For example, CRDs, in my opinion, for Postgres operators, should be very high-level, should not expose Postgres internals, for example. Don't talk to me about, you configured this particular file or how Patroni works. I just want to create three instances. So the field should be called instances, not Patroni configuration, etcd. No. Just talk me about instances. I want high availability or not--

ABDEL SGHIOUAR: Yeah, abstraction layer.

ÁLVARO HERNÁNDEZ: That's simple, right?

ABDEL SGHIOUAR: Yeah.

ÁLVARO HERNÁNDEZ: Of course, you provide mechanisms for people who like low-level, who are experts in that domain, to go low-level and tweak the details if so they want. But the API needs to be designed from the perspective of the person who is not an expert in Postgres.

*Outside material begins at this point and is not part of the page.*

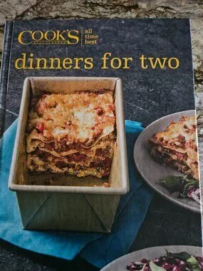 Brand New Cook's Illustrated Dinners for Two Cookbook. Every recipe is accompanied by a colored photo. Over 150 pages of recipes along with helpful tips.

Then on the operator land, the operator should then handle all this complexity for you and say, OK, we're taking this very simple interface. Now let's make it work well. And there is two parts to this. One is to orchestrate all these components, as I said. For running Postgres in production, you need all this stack.

And this involves a lot of components, the sidecars, and wiring things, and creating different config files with different styles, making sure they all work together. This is a lot of effort that is done behind the scenes by the operator itself, and you don't need to realize. You don't need to see this. It's all done by the Postgres experts already for you.

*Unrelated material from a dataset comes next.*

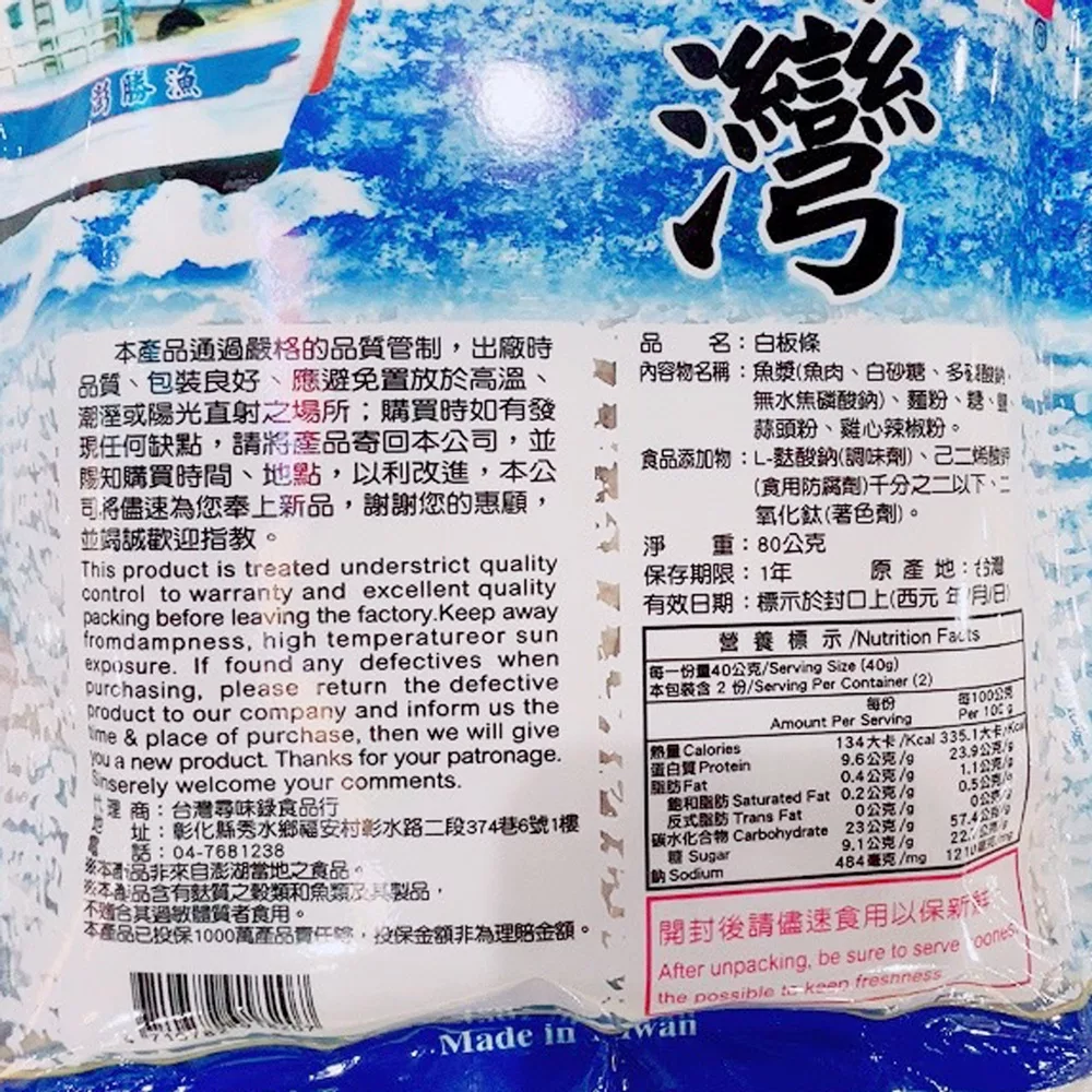 【商品規格】 80g 【商品介紹】 台灣尋味錄澎湖灣白板條 【成份說明】 魚漿(魚肉、白砂糖、多磷酸鈉、無水焦磷酸鈉)、麵粉、糖、鹽、蒜頭粉、雞心辣椒粉。 食品添加物:L-麩酸鈉(調味劑)、已二烯酸鉀(食用防腐劑)千分之二以下、食用色素紅色6號(著色劑)。 【有效日期說明】保存期限:一年 【過敏原資訊】 ※本產品非來自澎湖當地之食品 ※本產品含有麩質之穀類、蝦類和魚漿及其製品,不適合過敏體質者食用。 ※本產品已投保1000萬產品責任險,投保金額非為理賠金額。 【使用注意事項】 請置於陰涼乾燥處,避免高溫或陽光直曬。 【退換貨服務】 鑑賞期非試用期,退回產品必須是全新狀態且包裝完整 ( 保持產品、附件、包裝、廠商紙箱及所有附隨文件或資料之完整性 ) 。 【購買注意事項】 網路店所售出的商品僅可在網路店進行退換貨服務,將無法在全國佳瑪實體門市進行退換貨、退款服務。若與實體門市價格不同時,請以網站公告為主。 ●依據消費者保護法之規定,食品類商品屬於易於腐敗、保存期限較短之商品,蝦皮鑑賞期規範效期在兩個月內之商品,於收受商品後將無法享有猶豫期之權益且不得辦理退貨。 ●網頁商品會因為使用不同的品牌螢幕以及解析度不同,造成圖片顏色呈現略有不同,請以實品顏色為準。

But the other part of this is the things that the operator needs done to run reliably on Kubernetes. And there's a few things that-- there was a public discussion some time ago with Kelsey Hightower about running databases precisely on Kubernetes.

ABDEL SGHIOUAR: Yeah. I remember this one.

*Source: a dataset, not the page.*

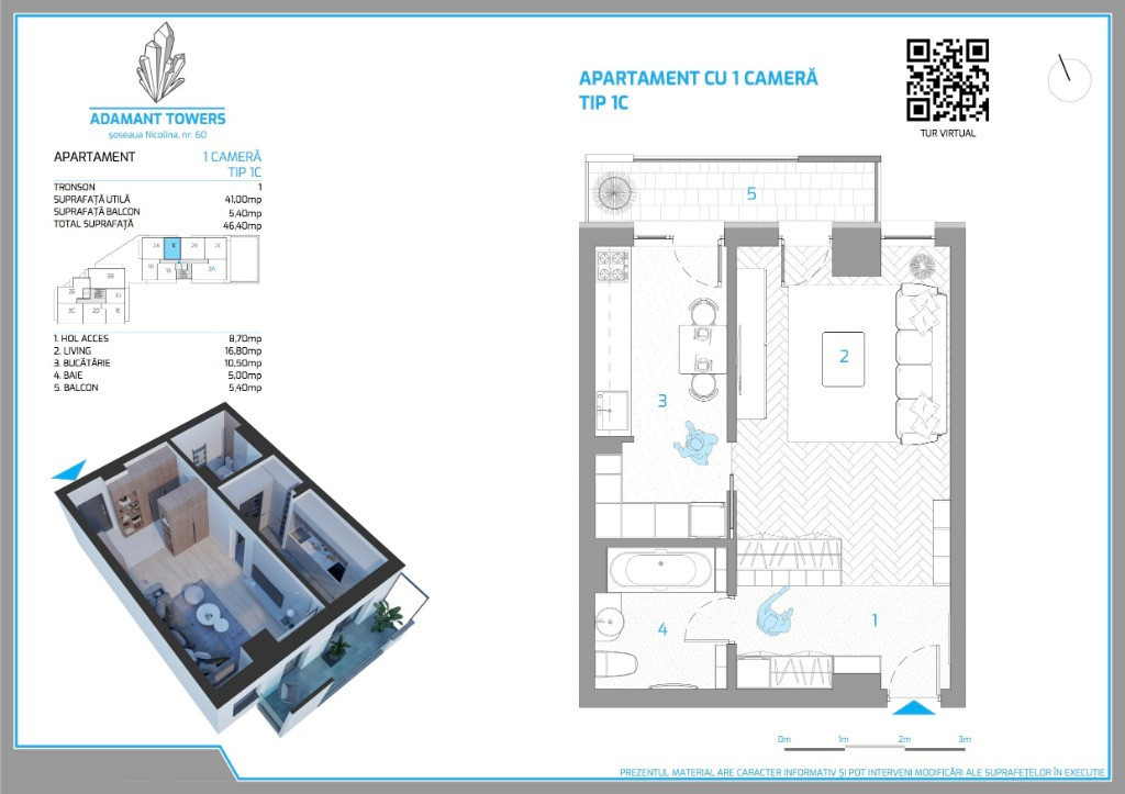 Apartament finalizat de 1 cameră 46.4mp, decomandat, situat la etajul 8 din 10 din blocul 1 cu o suprafaţă utilă de 41 mp si un balcon tip terasă de 5.4mp. Situat în Șos. Nicolina 54, în zona CUG – Rond Vechi Iași, complexul se află la doar 7-8 minute de Palas Mall, oferă acces ușor la stații de transport public (vizavi de complex), piață alimentară, grădinițe, supermarket-uri. Acesta este echipat cu: încălzire prin pardoseală, tavane Barrisol, tâmplărie PVC de înaltă calitate, aer condiționat, baie și bucătărie cu gresie din import, obiecte sanitare premium. Facilități complex: spații comerciale, sală de fitness, spații verzi, parcare subterană, acces securizat, iluminare ambientală la exterior. Preț 83.030 euro + TVA - plata integrala

ÁLVARO HERNÁNDEZ: And the conclusion, and definitely my opinion, is that, on one hand, there is a few things you need to do to run well a database on Kubernetes, especially a database like Postgres, which has a primary replica architecture, a single writer node. And I call this twisting Kubernetes' arm a little bit. It's not very hard. You just need to do some things. But they are encoded in the operator, so again, you don't need to worry about this.

It's like, you shouldn't deploy a Postgres Pod by yourself, just take the Postgres image and say, create StatefulSet or even a deployment, you're done. No. Probably that's not what you want to do. You're not going to get very far with that. So a conclusion was also use operators because the operators have already encoded this kind of knowledge.

But let me give you another example. Postgres has a config file called PostgresQL.com, where you can specify up to 300 parameters to tune Postgres. If you design the CRD, you can say, OK, here's my literal text. And you embed there directly the config file, the parameters you want to tweak. And the operator just copy this blindly into the config file and runs it. This is one approach.

The approach that, for example, we have taken is, no. Let's create a specific CRD for Postgres configuration. It will have YAML-style syntax, not PostgresQL.com syntax, so it will be parameter:value. And the names of the parameters are validated by the operator. The values of the parameters are validated by the operator. The ranges of those parameters and the units, if they have units, are validated by the operator.

So basically, you're not allowed to create a CRD with an invalid configuration. And this is the kind of knowledge that the operators can encode that prevents the user from making these kind of mistakes or needing to learn more. Some parameters are blocked, for example. You cannot configure because you will break the cluster. It will not work. So this is the kind of domain knowledge that the operators encode.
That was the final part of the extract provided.